Below are some records. Write out exactly their lines from the one with "ご意見、ご感想を こちらのメ−ルで送ってください。 |" through the one with "Sukienka Nala Pink- dopasowana", and leave the pictures behind.

## SOURCE INFORMATION:
________________________________________

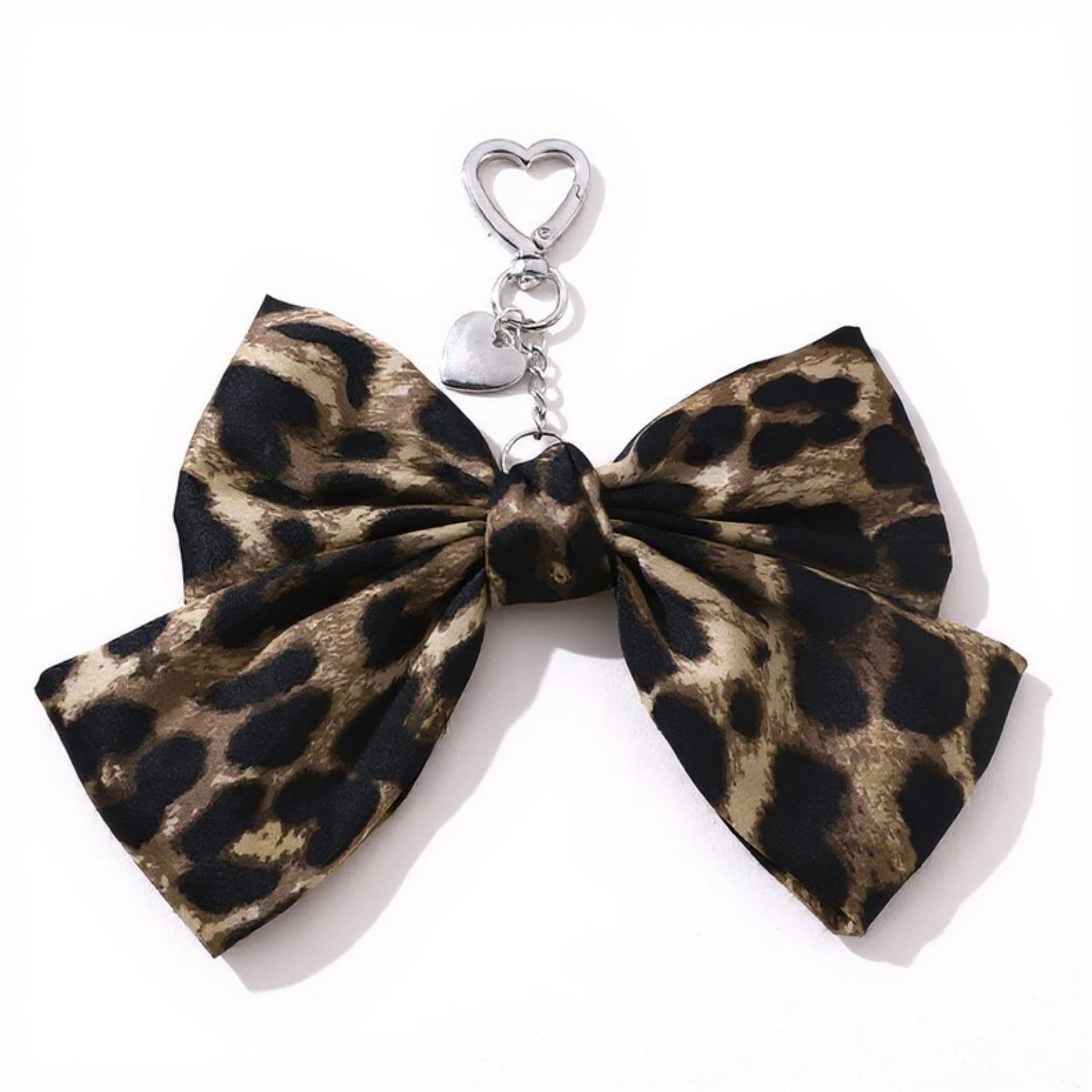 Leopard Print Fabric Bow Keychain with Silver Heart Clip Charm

________________________________________

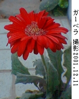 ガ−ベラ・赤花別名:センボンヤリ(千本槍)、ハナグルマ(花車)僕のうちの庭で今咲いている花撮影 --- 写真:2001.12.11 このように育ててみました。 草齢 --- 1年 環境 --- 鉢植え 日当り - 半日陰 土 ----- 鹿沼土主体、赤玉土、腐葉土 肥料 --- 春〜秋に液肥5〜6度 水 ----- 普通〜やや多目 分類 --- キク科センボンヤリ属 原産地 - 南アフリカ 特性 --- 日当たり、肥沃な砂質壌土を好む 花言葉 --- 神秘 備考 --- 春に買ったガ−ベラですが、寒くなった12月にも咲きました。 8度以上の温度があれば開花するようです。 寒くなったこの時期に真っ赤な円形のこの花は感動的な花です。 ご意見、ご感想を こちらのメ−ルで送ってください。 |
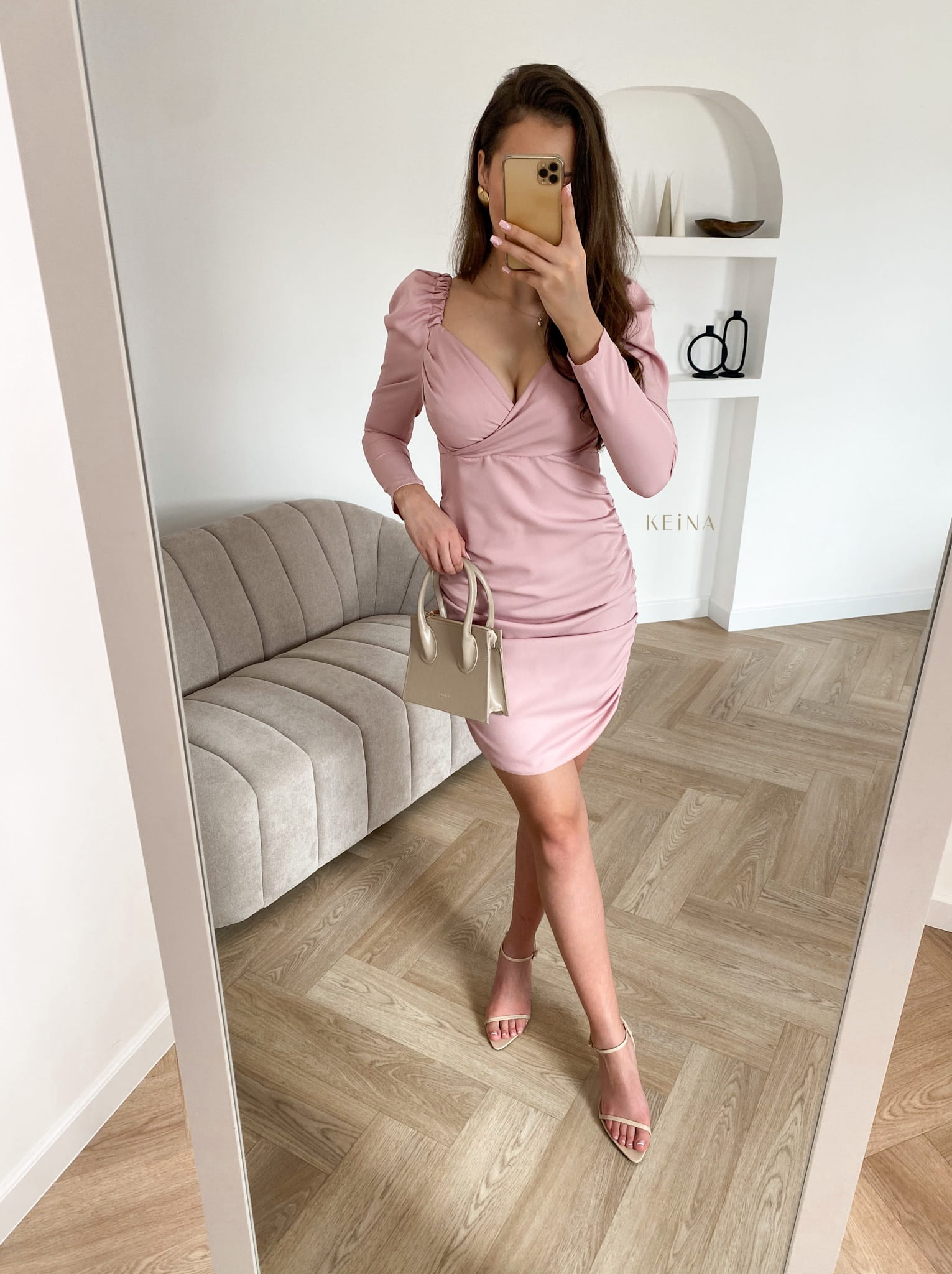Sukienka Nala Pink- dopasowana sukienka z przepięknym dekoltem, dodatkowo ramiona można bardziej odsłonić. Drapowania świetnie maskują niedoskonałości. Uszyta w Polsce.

________________________________________

## ANSWER TO THIS TASK:
 ガ−ベラ・赤花別名:センボンヤリ(千本槍)、ハナグルマ(花車)僕のうちの庭で今咲いている花撮影 --- 写真:2001.12.11 このように育ててみました。 草齢 --- 1年 環境 --- 鉢植え 日当り - 半日陰 土 ----- 鹿沼土主体、赤玉土、腐葉土 肥料 --- 春〜秋に液肥5〜6度 水 ----- 普通〜やや多目 分類 --- キク科センボンヤリ属 原産地 - 南アフリカ 特性 --- 日当たり、肥沃な砂質壌土を好む 花言葉 --- 神秘 備考 --- 春に買ったガ−ベラですが、寒くなった12月にも咲きました。 8度以上の温度があれば開花するようです。 寒くなったこの時期に真っ赤な円形のこの花は感動的な花です。 ご意見、ご感想を こちらのメ−ルで送ってください。 |
Sukienka Nala Pink- dopasowana sukienka z przepięknym dekoltem, dodatkowo ramiona można bardziej odsłonić. Drapowania świetnie maskują niedoskonałości. Uszyta w Polsce.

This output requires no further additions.